Reference to the Authorised Version has brought me, by something more than a pun, to another indispensable attribute of religious and ritual language—authority. When words are to do something, to bring something into existence which was not there before, they must be the right words, their secret lies in the rightness: out of all the possible selections and combination, one only is efficacious. Not for nothing do we pray, in the B.C.P. of course, that bishops and curates may ‘rightly and duly administer thy holy sacraments’—‘rightly and duly’, rite et debite, the condition of success in all collective religious action.

Until the synodical revolution of the Worship and Doctrine Measure 1874, the language of the Book of Common Prayer was distinguished by being uniquely authoritative, established and fixed by the Crown in Parliament, the supreme source of authority in this realm. This authoritative fixity of the wording not only, as I have mentioned already, ‘held the ring’ as it were during the long period of supercharging while what was new became traditional and what was once contemporary became archaic. It also liberated meaning; for if words and formulae are fixed, change must express itself in interpretation. The Tractarians were doubly right when they acclaimed the Book of Common Prayer as the proof of the catholicism of the Anglican Church: right because the words and formulae, being themselves impregnable, were susceptible of an interpretation which bridged the gulf of the Reformation; and right because the essential mark of catholicism, uniformity imposed by universal authority, was placed upon it by the untrammeled imperium of the English nation state. Without the authoritative fixity of its liturgy, the unique comprehensiveness and broadmindedness of the Church of England would not have been possible. For where formulation can be altered, differences of interpretation cannot be tolerated: that is the logic which the long fissiparous history of the dissenting sects has demonstrated ad nauseam. The freedom of the Anglican to say ‘I conform because it is commanded’ is not unworthy to stand beside the freedom of Tertullian to say ‘it is certain because it is impossible’.

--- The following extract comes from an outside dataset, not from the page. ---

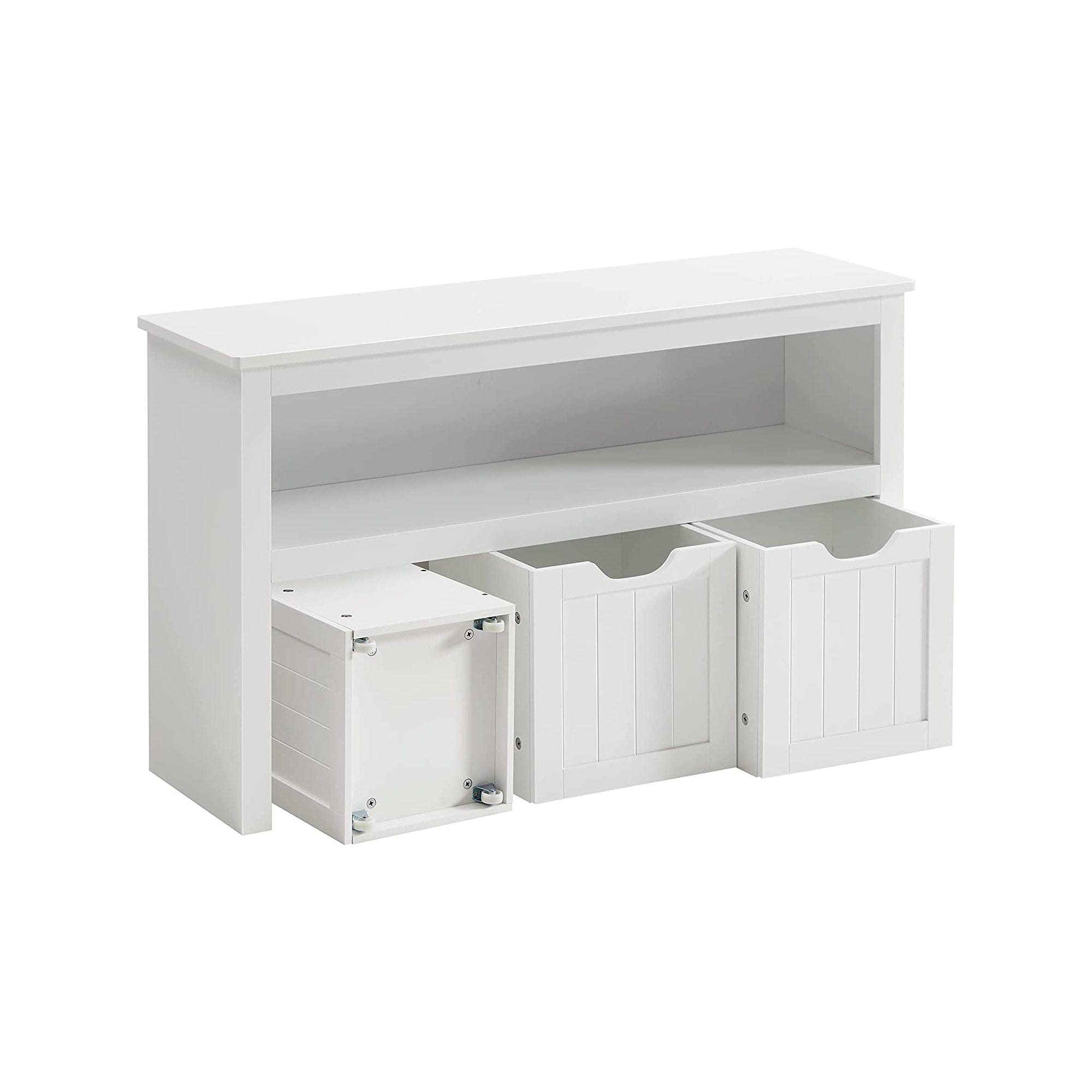 Børnevenligt design - Med 3 praktiske kasser på hjul og udskæringer, der forhindrer små hænder i at komme i klemme, er denne kommode let tilgængelig for børn i alle aldre. Desuden kan selv de mindste børn med sin højde på 60 cm finde deres yndlingslegetøj.
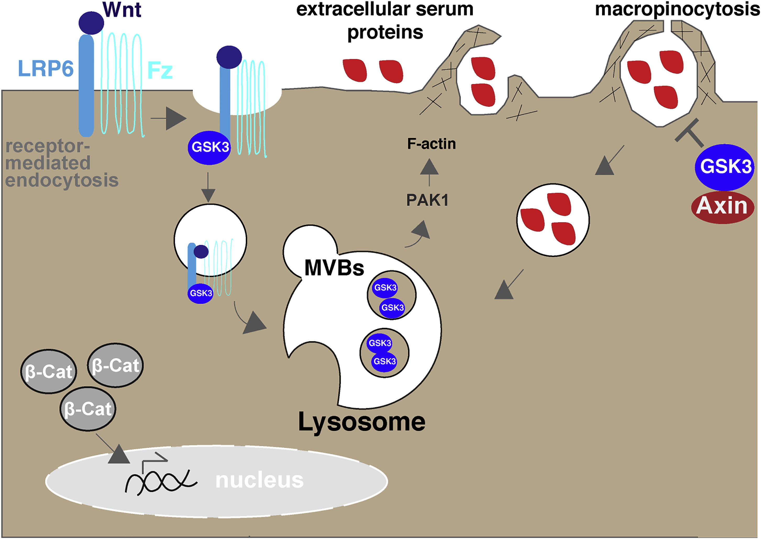 Figure 7 Model of the Intersection among Receptor-Mediated Endocytosis of Wnt, Macropinocytosis, and Lysosomes During Wnt signaling, micropinocytosis of the LRP6/Fz receptor results in the sequestration of GSK3 (blue) inside the intraluminal vesicles of MVBs. As cytosolic levels of GSK3 decrease, Pak1 induces the submembraneous actin machinery to form macropinocytic cups that close and engulf macromolecules (red) from the surrounding medium. The axin/GSK3 complex represses macropinocytosis. When Axin1 is mutated, GSK3 is unable to repress the actin machinery, resulting in a prodigious amount of nutrient uptake by macropinocytosis. When GSK3 is inhibited pharmacologically or with DN-GSK3, macropinocytosis is stimulated to a similar degree than that caused by Wnt3a ligand treatment. The results presented in this study point to a hitherto-unappreciated role for GSK3 and axin in the suppression of macropinocytosis in basal conditions. |

The cause of the Book of Common Prayer is not a literary or an aesthetic cause: it is a religious cause. It lies athwart the religious dilemma of our society, a society not emancipated from the necessities, including the religious necessities, of all human societies, but a society where the intellectual and emotional scaffolding of religious observance has been dismantled, not least by the very caste which is specialized in society for sustaining, commending and interpreting it. The deliberate attack upon the Book of Common Prayer which the last decade has witnessed is a conscious and integral part of that dismantling process—inevitably so, because the Anglican Church and its liturgical heritage survive, almost alone since the ravaging of the Roman Church, as living evidence of essential elements in religious experience and expression. I suspect that we who maintain the Book of Common Prayer are fighting in a wider warfare than we can know.